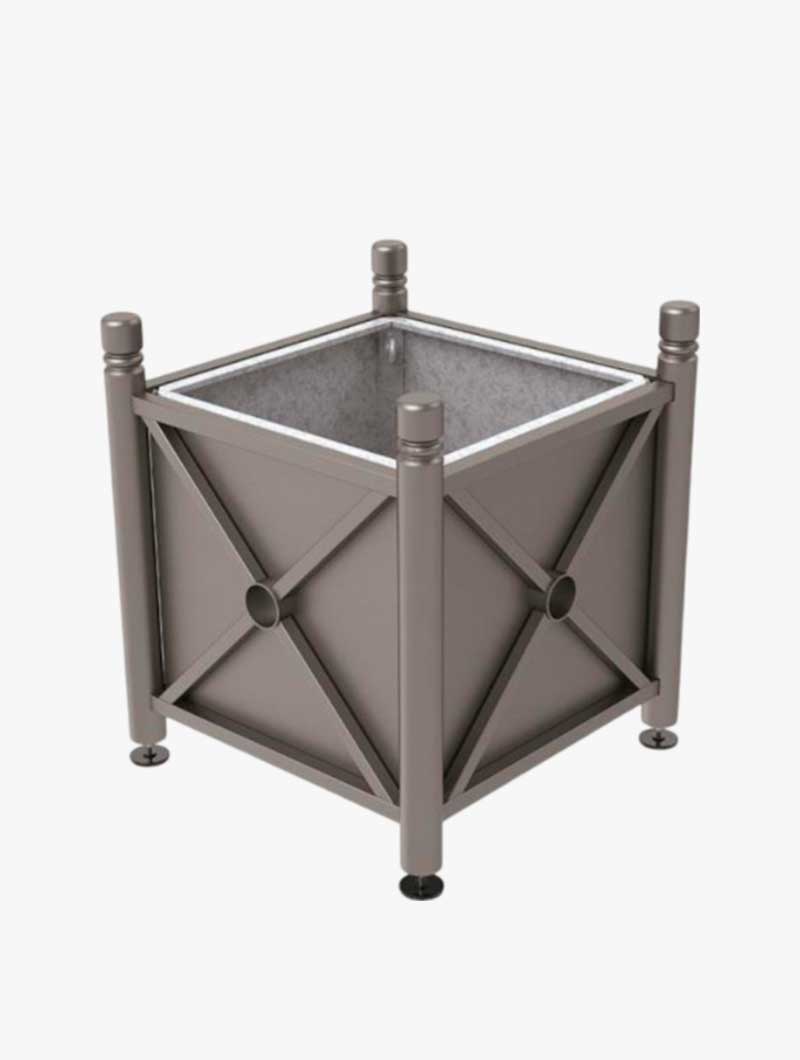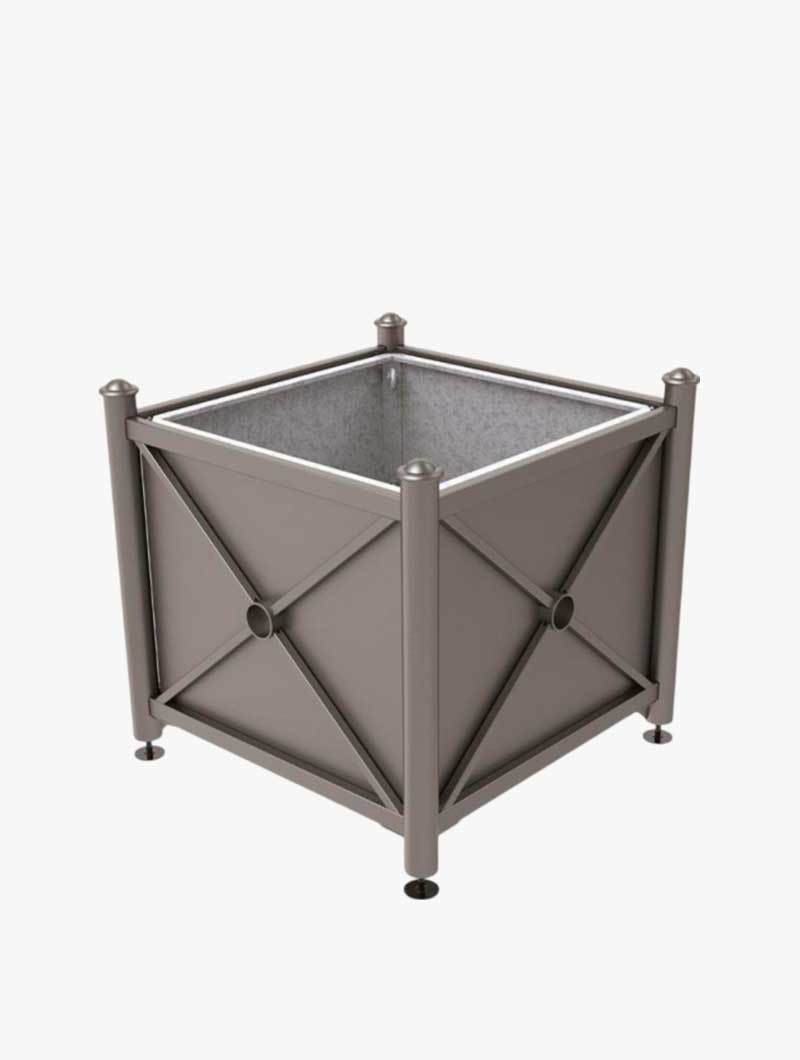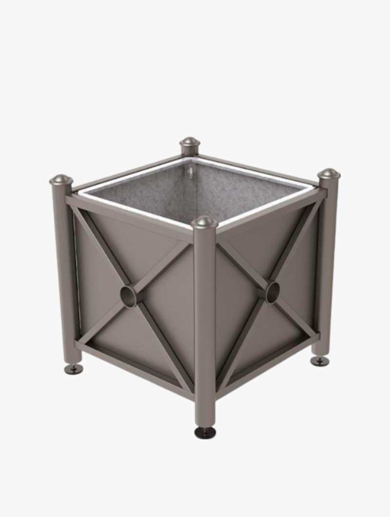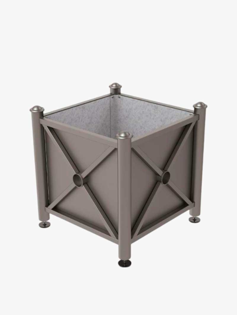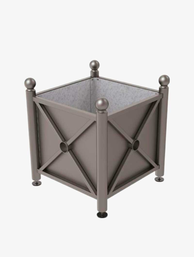 Jardinera Lirio para exterior con un diseño clásico con la posibilidad de personalizar el conjunto eligiendo un cabezal decorativo. Disponible en una combinación de acero y madera, o bien totalmente fabricado en acero. Asimismo, también esta la opción de seleccionar entre tres diseños distintos de cabezales o prescindir de ellos según su preferencia. Disponible en con dos interiores distintos: uno con revestimiento de chapa de acero galvanizado y otro con cubo interior extraible en acero con asas de manutención.
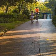 圭塘河社区公园 位于湖南省长沙市雨花区圭塘河,公园用地面积为1349亩,核心区为运动休闲区,分为场馆区、儿童区、观岛赏景平台、公园中心服务区。公园景色优美,空气清闲,是市民运动休闲的好去处。
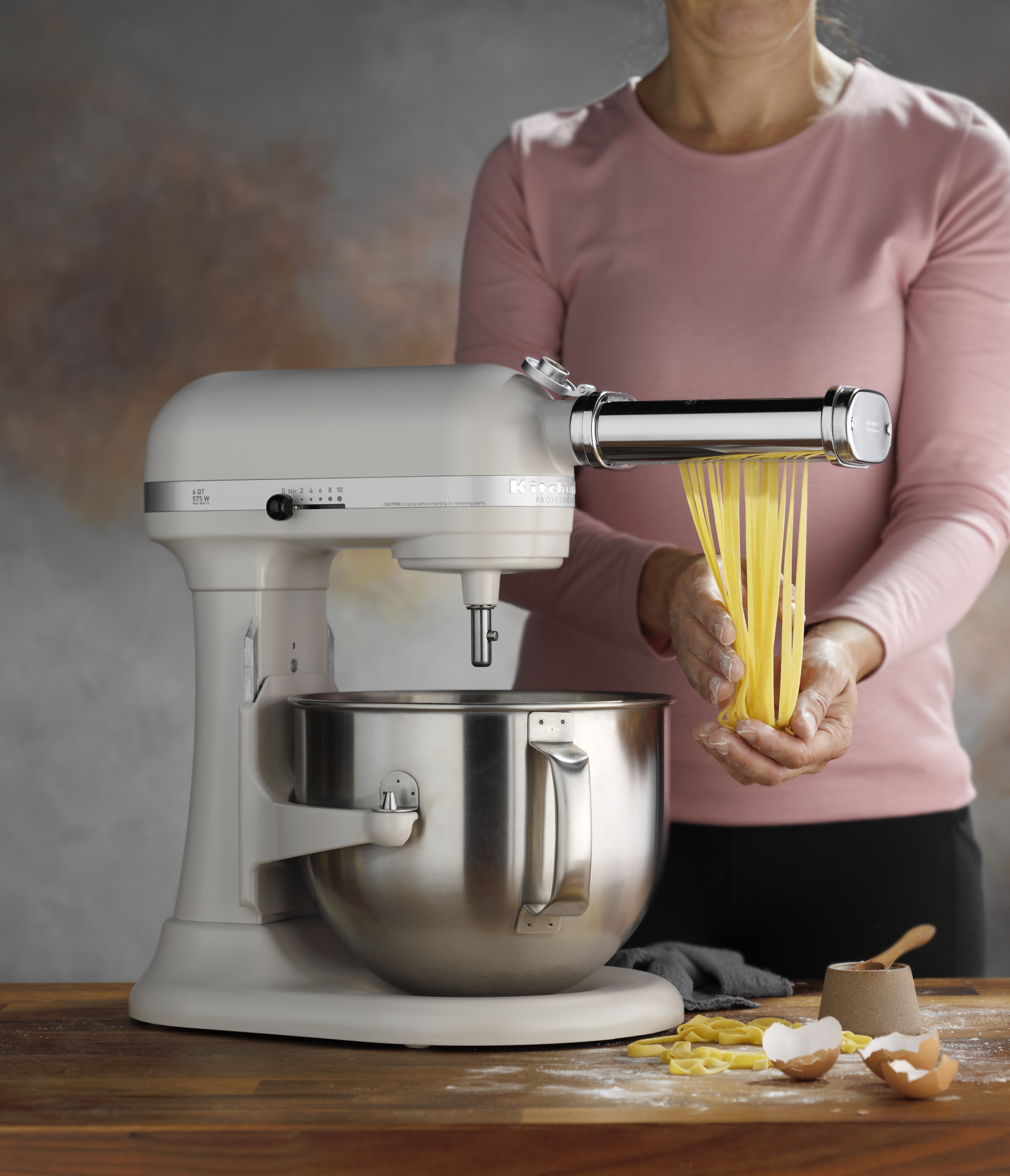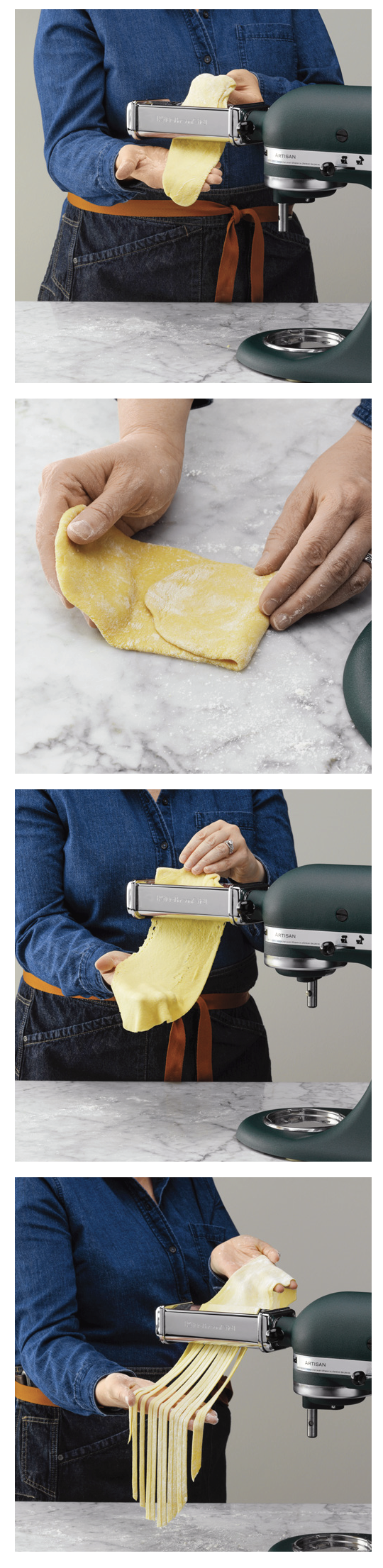 3. Working with 1 portion at a time (keep remaining portions covered), flatten the dough into a small rectangle, dusting with flour as needed. Using the KitchenAid® Bowl-Lift Stand Mixer with the Pasta Roller Attachment on the widest setting, feed the dough, short side first, into the roller. Fold the dough into thirds to form a rectangle. Feed the dough through a second time, then repeat another 3-4 times until smooth. Turn the dial to reduce the opening on the attachment; feed dough through 2 times. Repeat this, making the opening more narrow and rolling the dough twice at each setting, until you can see the outline of your hand through the dough (setting 6 or 7). Trim dough sheets to 11- to 13-in. pieces. Replace Pasta Roller with the Fettuccine Cutter Attachment. Feed the dough through to cut it into individual noodles. If needed, lightly dust noodles with flour to prevent the dough from sticking. Repeat with remaining dough. Cook in boiling water until al dente,
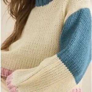 Chic and cozy knit sweater. Features cream, blue, and pink blocks. Perfect for casual wear. Retailed for 82 in store.
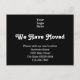 Esta postal de invitación móvil tiene un texto blanco que puede personalizar. Esta postal negra dice que nos hemos mudado, por favor visite nuestra nueva ubicación. Se pueden personalizar líneas de texto adicionales para el nombre de su empresa, la nueva dirección y el número de teléfono. Una imagen de marcador de posición está cerca de la parte superior. Puede sustituir la imagen por el logotipo de su empresa,
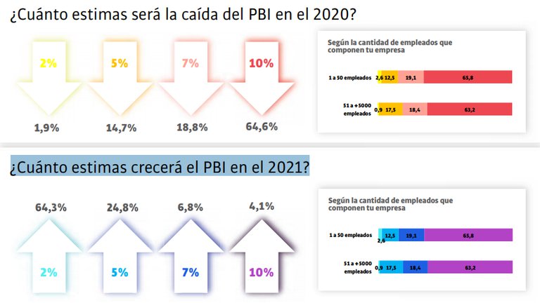 Y con respecto al crecimiento estimado para 2021, un 64,2% de la gente respondió que el revote será del 2%; un 24,8% se inclinó por un crecimiento del 5%, 6,8% dijo que será del 7% y 4,1% respondió que el crecimiento será del 10 por ciento.
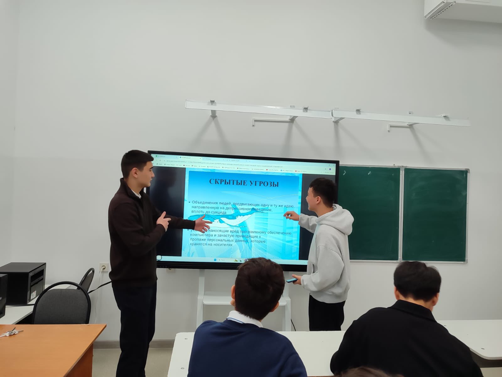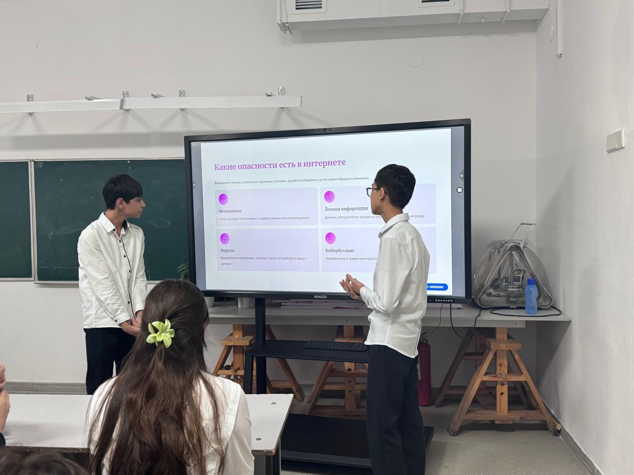 Сынып сағаттары барысында мұғалімдер кибербуллингтің алдын алу, жеке деректерді қорғау, бейтаныс адамдармен онлайн қарым-қатынас кезіндегі сақтық шаралары, жалған ақпаратты ажырату, әлеуметтік желілерді дұрыс пайдалану және интернет-тәуелділіктің алдын алу мәселелеріне ерекше тоқталды. Оқушыларға нақты өмірлік жағдайлар ұсынылып, талқылаулар, сұрақ-жауап сессиялары мен бейнероликтер арқылы қауіпсіздік ережелері кеңінен түсіндірілді.
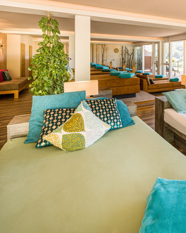Besondere Atmosphäre erhält die Junior-Suite durch die 4m² Panorama-Glasschreibe zum Tageslichtbad, in dem sowohl eine begehbare Dusche, Badewanne, Doppelwaschbecken und ein separiertes WC zu finden sind. Alle Zimmer im Schlössla sind stufenlos mit dem Aufzug erreichbar.
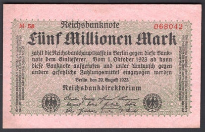 Germany. 5 Million Mark 20-8-1923. 068042 (WPM 105).
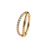 Dieser Doppelring aus Titan mit Schmucksteinen auf einem Band von Bodymod überzeugt durch sein gespaltenes Design: eine Hälfte glatt und minimalistisch, die andere mit Schmucksteinen besetzt. Zwei Stimmungen, ein Ring.
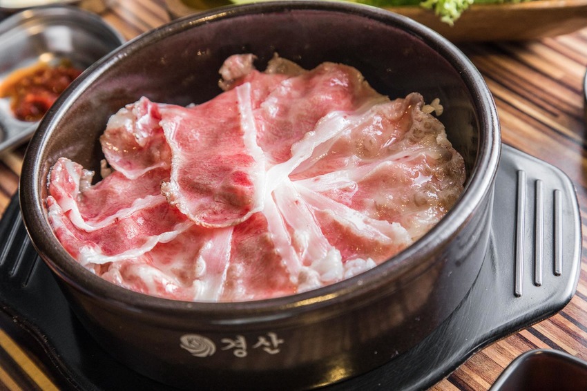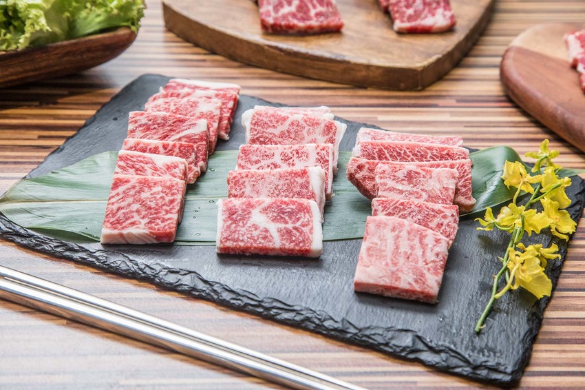 和牛中的夢幻逸品,韓舍熟成肉韓式烤肉是使用佐賀或是熊本的和牛,肉香氣較為濃郁,日本A5和牛肋眼蓋的油脂在室溫下就會融化,上爐烤只要兩面烙一下就可以吃了

Problem to work on:
Everything in the records must be returned exactly, except the pictures.

Solution to the problem:
 Jardinera Lirio para exterior con un diseño clásico con la posibilidad de personalizar el conjunto eligiendo un cabezal decorativo. Disponible en una combinación de acero y madera, o bien totalmente fabricado en acero. Asimismo, también esta la opción de seleccionar entre tres diseños distintos de cabezales o prescindir de ellos según su preferencia. Disponible en con dos interiores distintos: uno con revestimiento de chapa de acero galvanizado y otro con cubo interior extraible en acero con asas de manutención.
 圭塘河社区公园 位于湖南省长沙市雨花区圭塘河,公园用地面积为1349亩,核心区为运动休闲区,分为场馆区、儿童区、观岛赏景平台、公园中心服务区。公园景色优美,空气清闲,是市民运动休闲的好去处。
 3. Working with 1 portion at a time (keep remaining portions covered), flatten the dough into a small rectangle, dusting with flour as needed. Using the KitchenAid® Bowl-Lift Stand Mixer with the Pasta Roller Attachment on the widest setting, feed the dough, short side first, into the roller. Fold the dough into thirds to form a rectangle. Feed the dough through a second time, then repeat another 3-4 times until smooth. Turn the dial to reduce the opening on the attachment; feed dough through 2 times. Repeat this, making the opening more narrow and rolling the dough twice at each setting, until you can see the outline of your hand through the dough (setting 6 or 7). Trim dough sheets to 11- to 13-in. pieces. Replace Pasta Roller with the Fettuccine Cutter Attachment. Feed the dough through to cut it into individual noodles. If needed, lightly dust noodles with flour to prevent the dough from sticking. Repeat with remaining dough. Cook in boiling water until al dente,
 Chic and cozy knit sweater. Features cream, blue, and pink blocks. Perfect for casual wear. Retailed for 82 in store.
 Esta postal de invitación móvil tiene un texto blanco que puede personalizar. Esta postal negra dice que nos hemos mudado, por favor visite nuestra nueva ubicación. Se pueden personalizar líneas de texto adicionales para el nombre de su empresa, la nueva dirección y el número de teléfono. Una imagen de marcador de posición está cerca de la parte superior. Puede sustituir la imagen por el logotipo de su empresa,
 Y con respecto al crecimiento estimado para 2021, un 64,2% de la gente respondió que el revote será del 2%; un 24,8% se inclinó por un crecimiento del 5%, 6,8% dijo que será del 7% y 4,1% respondió que el crecimiento será del 10 por ciento.
 Сынып сағаттары барысында мұғалімдер кибербуллингтің алдын алу, жеке деректерді қорғау, бейтаныс адамдармен онлайн қарым-қатынас кезіндегі сақтық шаралары, жалған ақпаратты ажырату, әлеуметтік желілерді дұрыс пайдалану және интернет-тәуелділіктің алдын алу мәселелеріне ерекше тоқталды. Оқушыларға нақты өмірлік жағдайлар ұсынылып, талқылаулар, сұрақ-жауап сессиялары мен бейнероликтер арқылы қауіпсіздік ережелері кеңінен түсіндірілді.
Besondere Atmosphäre erhält die Junior-Suite durch die 4m² Panorama-Glasschreibe zum Tageslichtbad, in dem sowohl eine begehbare Dusche, Badewanne, Doppelwaschbecken und ein separiertes WC zu finden sind. Alle Zimmer im Schlössla sind stufenlos mit dem Aufzug erreichbar.
 Germany. 5 Million Mark 20-8-1923. 068042 (WPM 105).
 Dieser Doppelring aus Titan mit Schmucksteinen auf einem Band von Bodymod überzeugt durch sein gespaltenes Design: eine Hälfte glatt und minimalistisch, die andere mit Schmucksteinen besetzt. Zwei Stimmungen, ein Ring.
 和牛中的夢幻逸品,韓舍熟成肉韓式烤肉是使用佐賀或是熊本的和牛,肉香氣較為濃郁,日本A5和牛肋眼蓋的油脂在室溫下就會融化,上爐烤只要兩面烙一下就可以吃了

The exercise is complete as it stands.